Вдруг Морозов увидел Валентину Петровну.
Он обрадовался и пошел к ней.
— Вот как! Сергей Николаевич! — протягивая Морозову обе маленькие, пухленькие ручки, сказала Валентина Петровна. — Вы на концерте! Это поразительно! Мне казалось, вы дальше балетных тюник искусства не признаете.
Морозов пожал плечами.
— Или… опять… новое увлечение? Я слыхала — бедная переплетчица за афишку в манеже получила чистую. А Сеян?..
— Ну, что Сеян, — сказал Морозов. — Так… шутки.
— А тут серьезное? Может быть, вы и правы. Надежда Алексеевна — это такая прелесть!.. Это что-то совсем неземное, и кто видел и слышал ее, тот не забудет никогда.
— Вы ее часто слышали?
— Я не пропустила почти ни одного ее концерта. Но сегодня у меня еще и дипломатическое поручение. Меня Тоня просил. Вы знаете, наш Ершов будет выступать солистом на Инвалидном концерте. Он будет играть «Ночь» Рубинштейне. Хочется нам, чтобы он, что называется, «на ять» ее сыграл. Я слушала его игру, проходила с ним. Нет, не то… Андерсон тоже не может ему дать. Вы понимаете: души нет. Его корнет поет, но фразировки нет, чувства нет, деревянная игра. Вы услышите, как Тверская это исполняет. И явилось у нас дерзновеннейшее намерение попросить Тверскую прослушать Ершова, дать ему два-три совета, напеть ему. Он ведь способный! В миг почувствует, в чем дело. Послали меня переговорить с ней. А я приехала на концерт и оробела. Просто не знаю, на какой такой козе к ней подъехать. А коза-то, вот она передо мною!
Валентина Петровна, мило улыбаясь, ударила концом веера по локтю Морозова.
— Я, Валентина Петровна, что же? Я бы и рад всей (душою для полка. А только что же я тут поделаю?
— Да ведь вы знакомы?
— Ну, какое это знакомство! Саблин в манеже представил. Мы и двух слов не сказали.
— А к Русалке водили? Она ее ласкала, она ее целовала… Я все, все знаю, — погрозила пальцем Валентина Петровна. — И на концерт, однако, приехали. Это вы-то! Вам ведь слон на ухо наступил.

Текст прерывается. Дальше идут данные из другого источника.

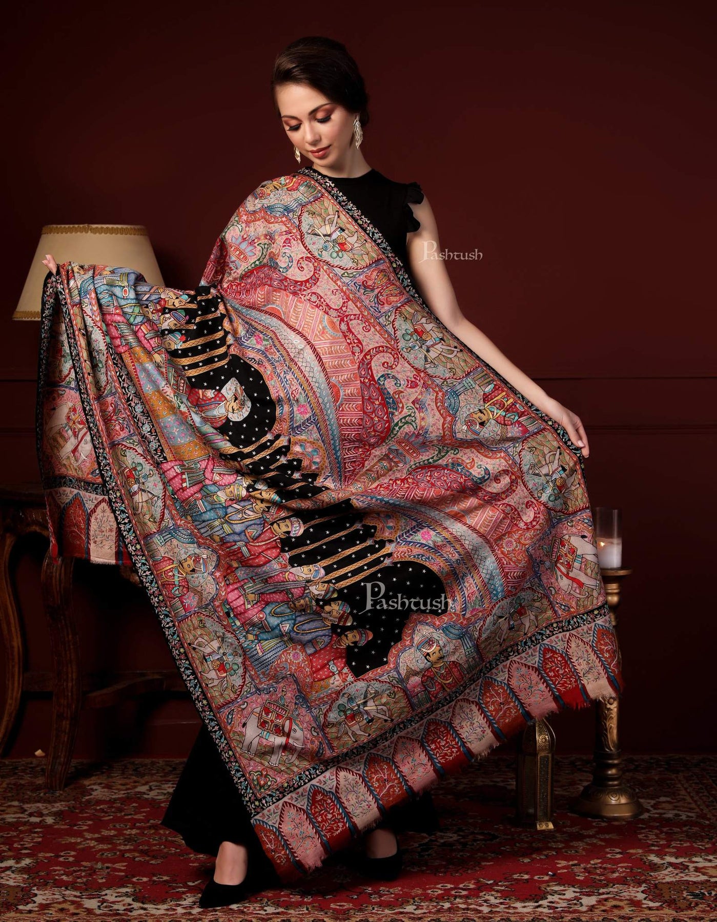 PASHTUSH WOMEN'S Pure Pashmina, 100% HAND EMBROIDERED, Royal DARBAR Shawl

— Не слон, Валентина Петровна, а мамонт.
— Нет, шутки в сторону. В антракте пойдем вместе и попросим. Вдвоем не так страшно.
Морозов пошел к первому ряду.
В театре, отдаленный ярусами лож, он обычно почти не замечал молодежи, наполнявшей галерку. Он слышал ее буйные крики вызовов, восторженные хлопки, но близко ее не видел. Здесь весь дальний угол зала, дешевые места стульев, все проходы и промежутки были ею заполнены.

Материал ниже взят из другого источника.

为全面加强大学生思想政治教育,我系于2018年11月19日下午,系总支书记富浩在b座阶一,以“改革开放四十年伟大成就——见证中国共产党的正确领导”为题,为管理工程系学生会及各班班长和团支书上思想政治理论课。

На часах «словесности» в казарме тупоумный Размазов на вопрос Морозова, кто такое «враг внутренний», долго мялся, потел и, наконец, выдавил из себя: «Так што — враг унутренний энто стюденти энти самые».

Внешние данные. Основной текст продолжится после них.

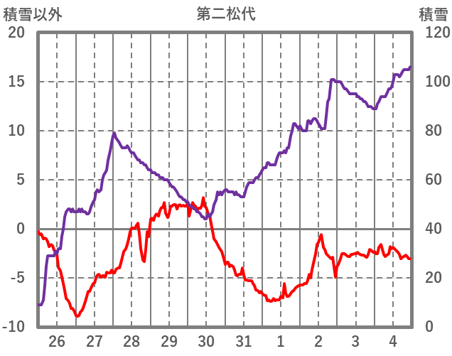 | 日 | 時 | 気温 | 降水 | 風向/風速 | 日照 | 積雪 | 降雪 |

Теперь «стюденти энти самые» окружили, толпясь у дверей, Морозова. Он очутился среди длинных порыжелых сюртуков с золотыми пуговицами и выцвелыми, засаленными голубыми воротниками, среди синих и алых косовороток, прикрытых тужурками, распахнутыми на груди, между барышень в очках и пенсне, в блузках, пахнущих ситцем и серым мылом, между медиков с черными погонами с косыми серебряными нашивками и плохенькими шашками на лакированных кожаных портупеях. Ясные, молодые и блестящие глаза, что полевые цветы, смотрели на него.
Гомон юных голосов — птиц верещанье ранним утром — его оглушил. В них были радость свиданья, ожидание чего-то прекрасного, счастье молодости, пыл души, прикоснувшейся к искусству. Морозов увидал горячие руки, сжимающие руки, и глаза, смотрящие смело в другие глаза.
Точно буйная трава, густая и непокорная, цветущая летом по берегу ручья, высокие пахучие зори с шапками белых мелких цветочков, ползучая лиловая вероника, порхающий пестрыми цветами, как мотыльки над полем, горошек окружили и опутали его своими стеблями и листвой. Морозов почувствовал себя таким же молодым, как они, и радостно забилось его сердце.
— Господа, — слизал кто-то подле него басом, — дайте пройти военному.
Девушка с синими глазами под светлыми ресницами, бледная, в веснушках и некрасивая, отшатнулась, напирая на толпу, и сказала, приветливо улыбаясь:
— Пожалуйста. Проходите.
«Враг внутренний», — подумал Морозов и вошел в залу.